2. Article 13 of the Iranian Constitution: "Zoroastrian, Jewish, and Christian Iranians are the only recognized religious minorities, who, within the limits of the law, are free to perform their religious rites and ceremonies and to act according to their own canon in matters of personal affairs and religious education"

3. In the acquittal the presiding judge also made references to articles 23 and 37 of the Iranian Constitution.
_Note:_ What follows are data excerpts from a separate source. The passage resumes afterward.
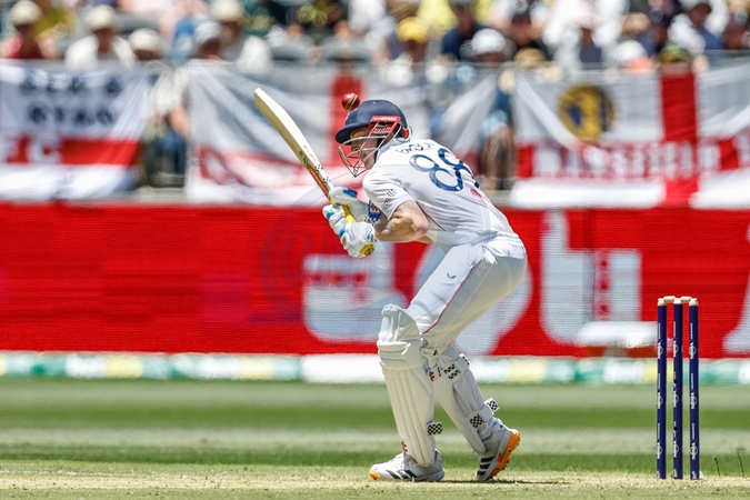 Harry Brook of England ducks a bouncer during the NRMA Insurance Ashes First Test Day 1 Series Australia vs England at Optus Stadium, Perth, Australia, 20th November 2025, Credit:Santanu Banik/News Images / Avalon
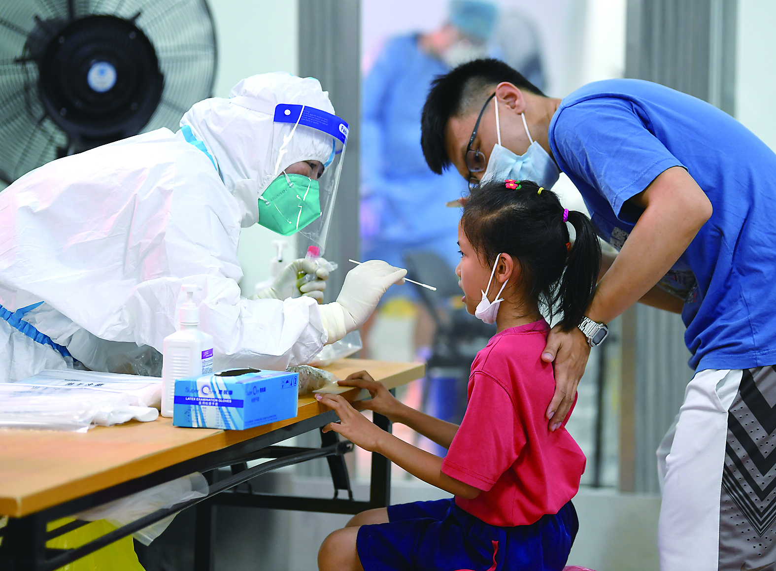 近日,在广州荔湾体育馆核酸检测点,小朋友在家人陪伴下进行核酸检测采样。新华社发
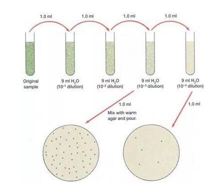 首先把微生物懸液通過一系列稀釋,取一定量的稀釋液與熔化好的保持在40-50°左右的營養(yǎng)瓊脂培養(yǎng)基充分混合,然后把這混合液傾注到無菌的培養(yǎng)皿中,待凝固之后,把這平板倒置在恒箱中培養(yǎng)。單一細(xì)胞經(jīng)過多次增殖后形成一個(gè)菌落,取單個(gè)菌落制成懸液,重復(fù)上述步驟數(shù)次,便可得到純培養(yǎng)物。
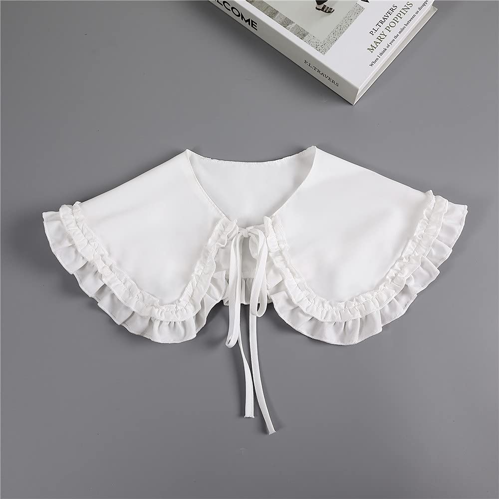 付け襟 レディース シャツ襟 ブラウスつけ襟 重ね着 レイヤード ビッグ セーラー 丸襟 フリル リボン 肩かけ フェイク衿 無地 大人 可愛い トレンド オシャレ
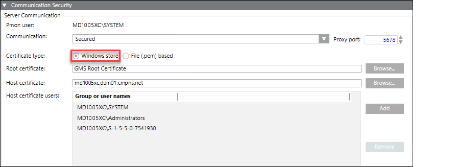 - To secure the Web Server communication, the certificate must be available in the appropriate Windows Certificate store.
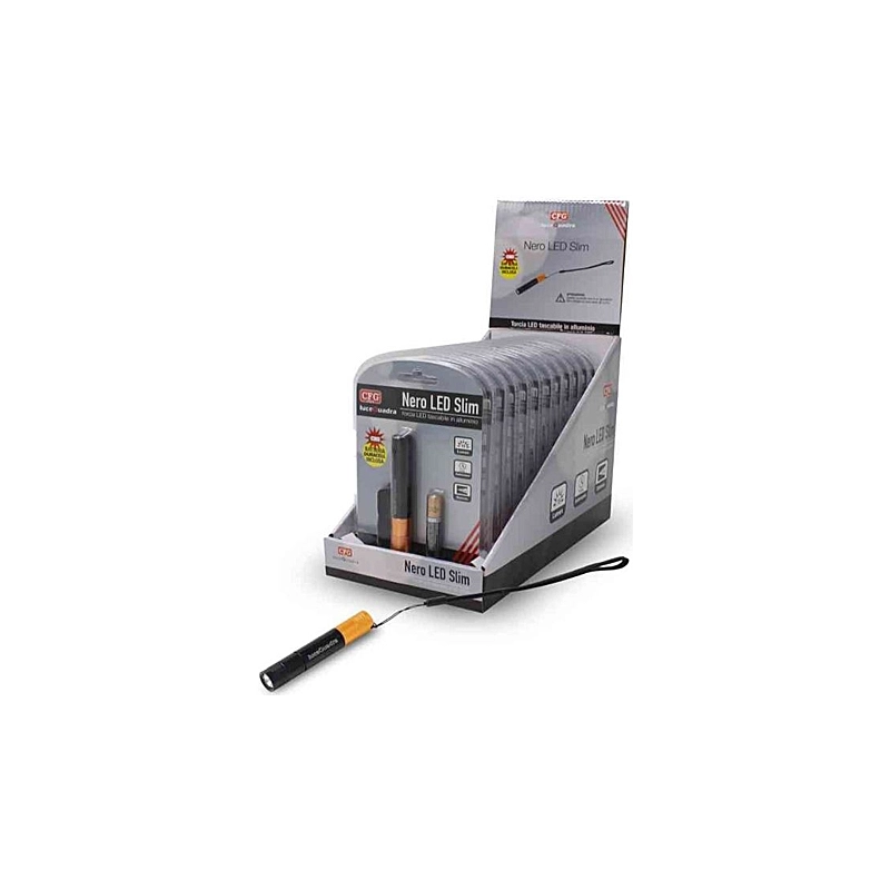 Torcia in alluminio a 1 Led da 0,5 Watt. 15 lumen. Autonomia 3 ore. IPX4. Funziona con 1 batteria AAA Duracell (inclusa).
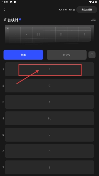 进入和弦映射界面后,找到并选择F和弦选项,接着对该和弦对应的映射参数进行设置。
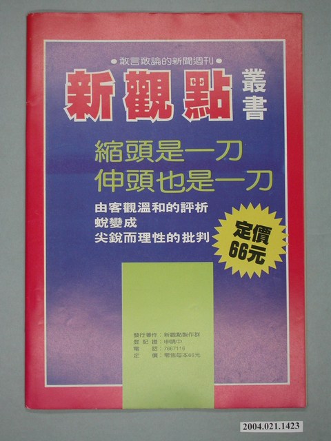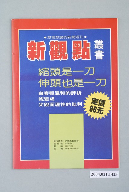 此為一紙質雜誌,在封面上方寫有本書標題,並在封面中節錄本刊物的部份內容,右下為雜誌期號,背面則刊有此雜誌的介紹以及相關出版資訊。此書為 新觀點週刊雜誌社1986年出版的《新觀點叢書》第3號。 此物件為在1986年創辦的《新觀點》系列雜誌其一,創辦人為陳世傑,為批判政府的黨外雜誌其一,此雜誌目的是要興辦突破戒嚴的言論審查、貫徹言論自由,並如同該刊物的創辦語「縮頭是一刀,伸頭也是一刀」的覺悟敢論敢言。此雜誌的特色為陳水扁每期皆為其撰寫社論,而陳水扁為臺灣近代社會運動的重要人物之一,以美麗島大審的辯護律師發跡,並在「蓬萊島案」及一系列的事件中扶搖直上,並先後擔任立法委員、臺北市長及中華民國第10、11任總統。後因貪汙案導致陳水扁入獄。 「黨外」一詞主要為非中國國民黨的臺灣政治勢力,而「黨外」政治勢力,主要的宣傳方式為「黨外雜誌」,「黨外雜誌」最早如1950年代的《自由中國》、1970年代的《大學》、《臺灣政論》,後在1980年代「黨外雜誌」發展蓬勃,代表刊物為《八十年代》與《美麗島》,最終,這股媒體趨勢在1986年民進黨成立、1987年解除戒嚴之後逐漸式微。「黨外雜誌」在當時激起了臺灣民眾的民主意識,也逐步促成了言論自由開放。(蕭淑玲,2006,153-155)。

Article 23 states: "The investigation of individuals' beliefs is forbidden, and no one may be molested or taken to task simply for holding a certain belief."  Article 37: "Innocence is to be presumed, and no one is to be held guilty of a charge unless his or her guilt has been established by a competent court. "

4. The six Church of Iran members in Shiraz are: Behrouz Sadegh-Khandjani, Mehdi Furutan, Mohammad Beliad, Parviz Khalaj, Nazly Beliad and Amin Afsharmanesh.

5. Pastor Vahik Abrahamian was detained along with eight others, including his wife Sonia Keshish Avanessian, during a raid on his home in Hamadan on 4 September 2010.  Five of those arrested were soon released but four, including Vahik and Sonia, were placed in solitary confinement in an unknown location for forty days before being transferred to Hamadan Public Prison. The group was held in Hamadan for over eight months without charge. An exorbitant sum was demanded for the release of each individual, which was unable to be met. In April 2011 the three other detainees were released but Vahik remains imprisoned.